Exercise details: An exact restatement of the data is required, with the images omitted.

Dataset excerpt Block Start

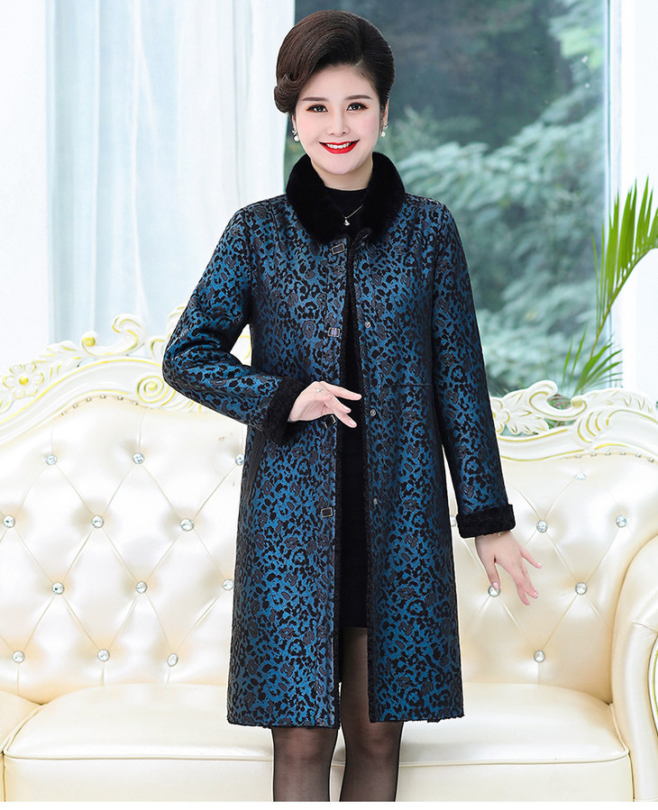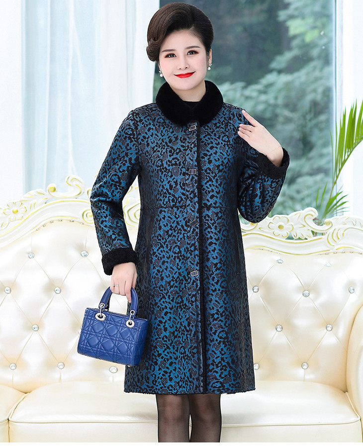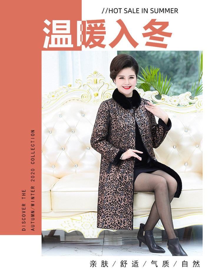 YCE-1943-立领小豹纹---冬季新款加绒加厚皮毛一体外套
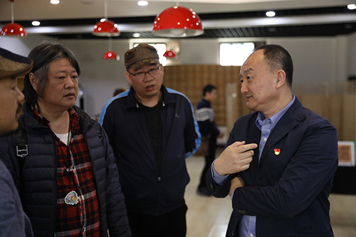 两岸专家进行交流(左二为台湾皮雕大师李荣宗,右一为大连工业大学副校长任文东)。(辽宁省台办供图)
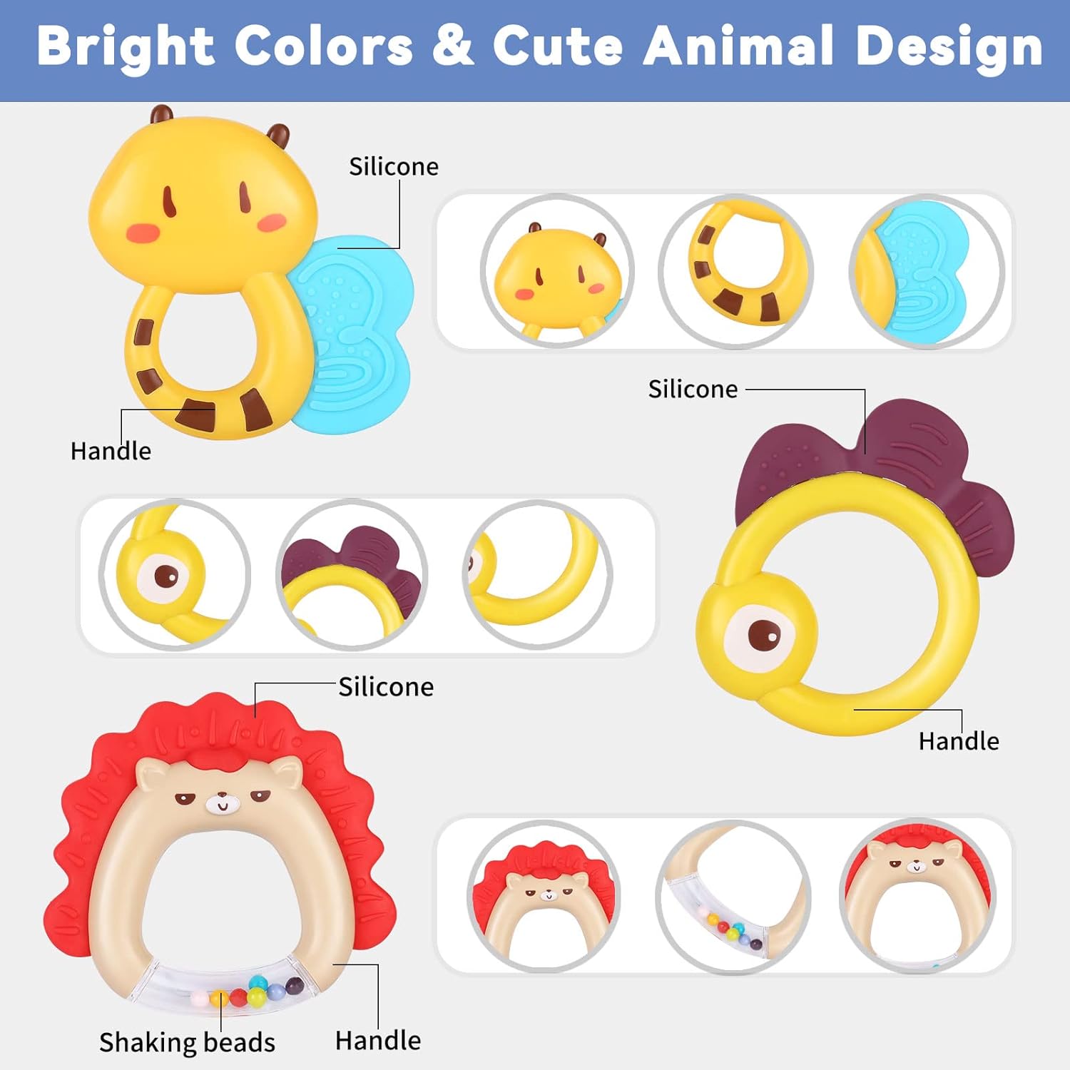 - Early Development Infant Toys: Open the door to a new world for your baby! Babies will love touching, spinning, shaking, and chewing these rattle toys. Most baby toys make fun sounds when the babies shake the toys, numerous sounds will attract your little one's attention and promote auditory development. Designed with bright colors and unique animal shapes, promoting the child's visual development.

Dataset excerpt Block End

Completed exercise:
 YCE-1943-立领小豹纹---冬季新款加绒加厚皮毛一体外套
 两岸专家进行交流(左二为台湾皮雕大师李荣宗,右一为大连工业大学副校长任文东)。(辽宁省台办供图)
 - Early Development Infant Toys: Open the door to a new world for your baby! Babies will love touching, spinning, shaking, and chewing these rattle toys. Most baby toys make fun sounds when the babies shake the toys, numerous sounds will attract your little one's attention and promote auditory development. Designed with bright colors and unique animal shapes, promoting the child's visual development.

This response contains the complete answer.